Moreover, the trial court improperly refused Bell's request to define "justification" for the jury. "Interference with contractual relations is privileged where it results from the exercise of a party's own rights or where the party possesses an equal or superior interest to that of the plaintiff in the subject matter." Black Lake Pipe Line Co. v. Union Constr. Co., 538 S.W.2d 80, 91 (Tex.1976); accord Victoria Bank & Trust Co. v. Brady, 811 S.W.2d 931, 939 (Tex.1991); Sterner v. Marathon Oil Co., 767 S.W.2d 686, 691 (Tex.1989). Bell's requested instruction tracked this language. Although it should have included that the exercise of one's own rights must be bona fide, as stated in Victoria Bank and Sterner, the request was substantially correct. The court of appeals correctly concluded that the trial court erred in refusing to define "justification" for the jury, but held the error harmless. We disagree. Virtually the entire factual dispute between the parties has been over whether Bell's conduct was justified. To ask the jury to resolve this dispute without a proper legal definition to the essential legal issue was reversible error. The trial court also erred in placing the burden of proof on justification on Carlo instead of Bell.

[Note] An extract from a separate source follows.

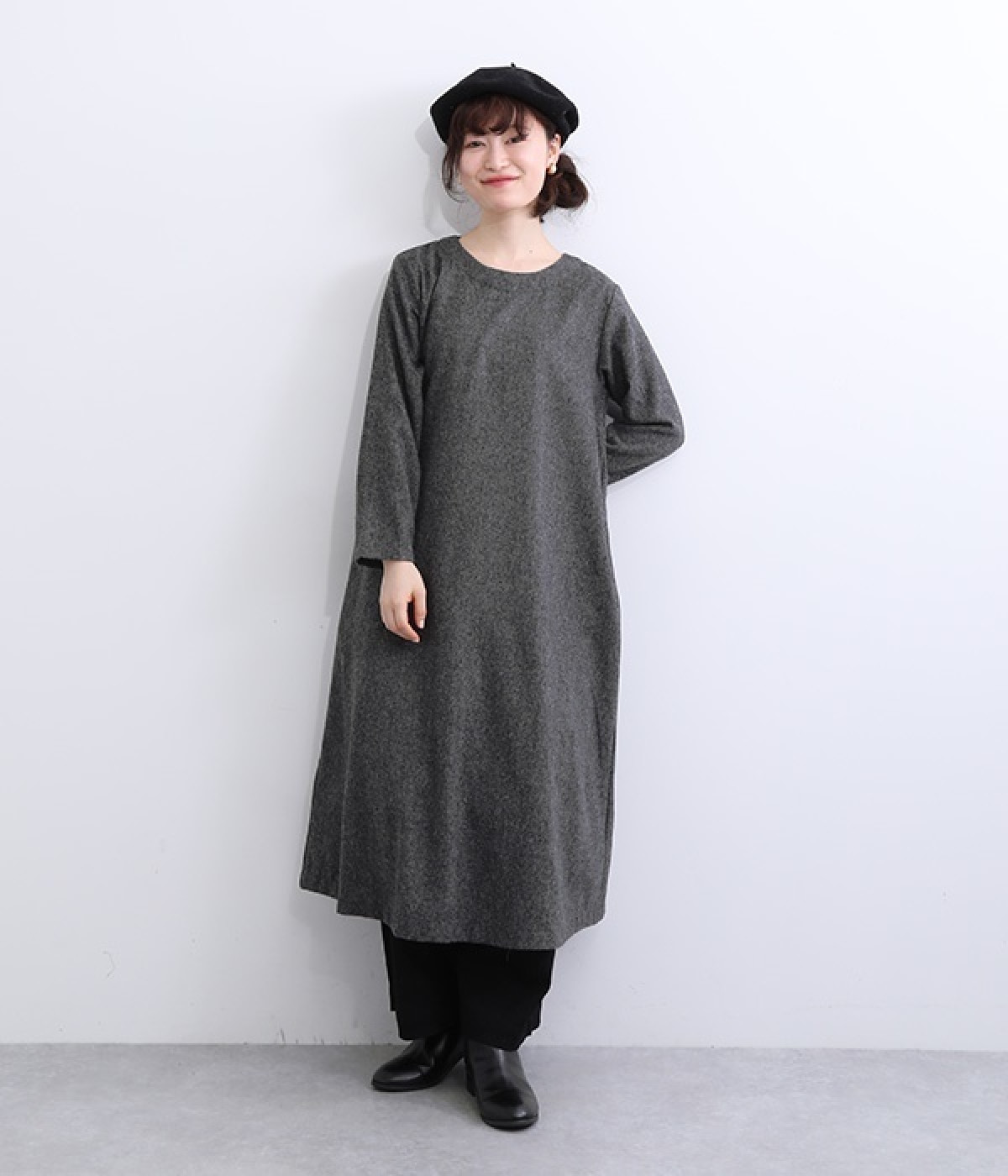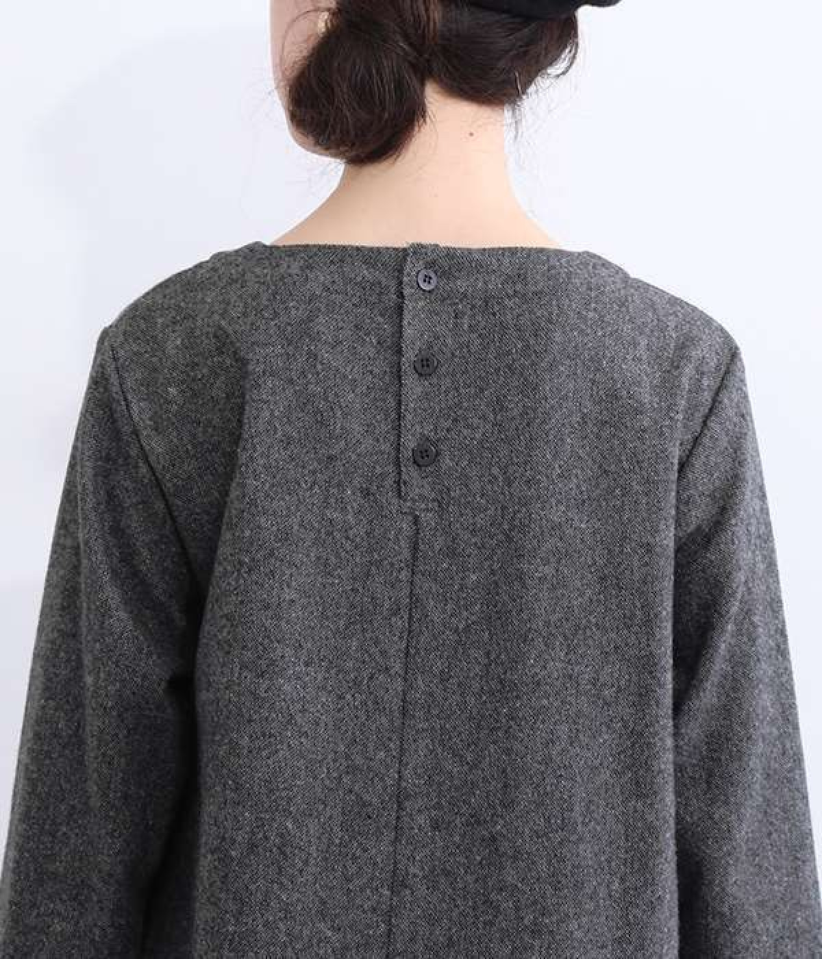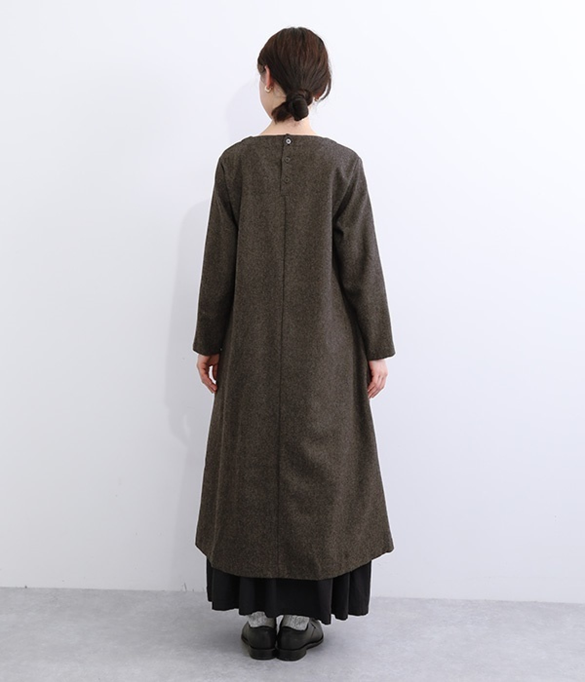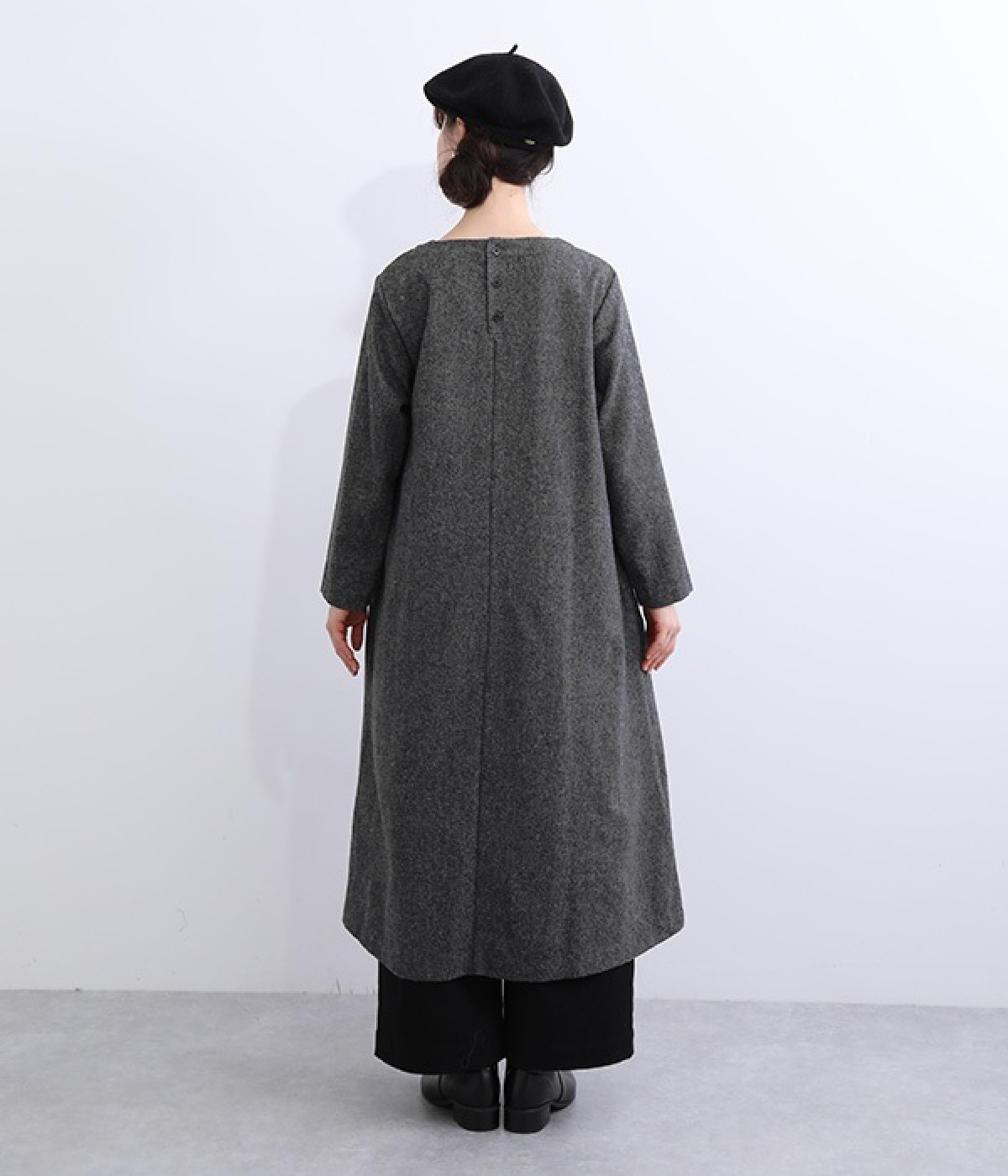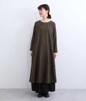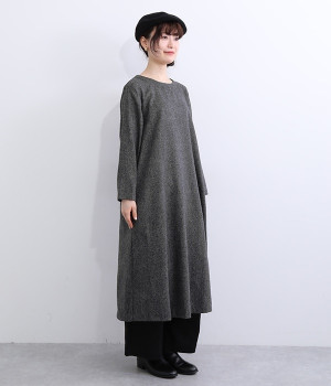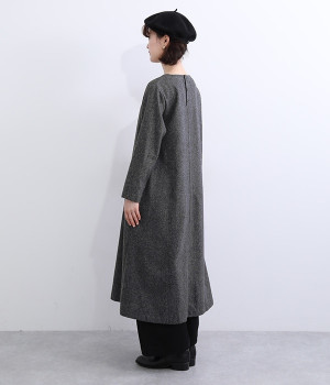 着こなし次第でカジュアルにもフォーマルにも楽しめるワンピースです。ネップのツイード生地を採用し、あたたかみと品の良さがある風合いに仕上がっています。シンプルなデザインが生地の持つクラシカルな雰囲気を引き立て、アクセサリー合わせも楽しめる一枚。脱ぎ着をアシストしてくれる後ろボタン開きです。

Carlo and Bell raise several other issues which we do not address. Our action should not, of course, be taken for approval of the court of appeals' disposition of such issues. The judgment of the court of appeals is reversed, and the case is remanded to the trial court for a new trial. The trial court's judgment as to the City remains final and undisturbed.
MAUZY and DOGGETT, JJ., concur in the Court's judgment but not in its opinion.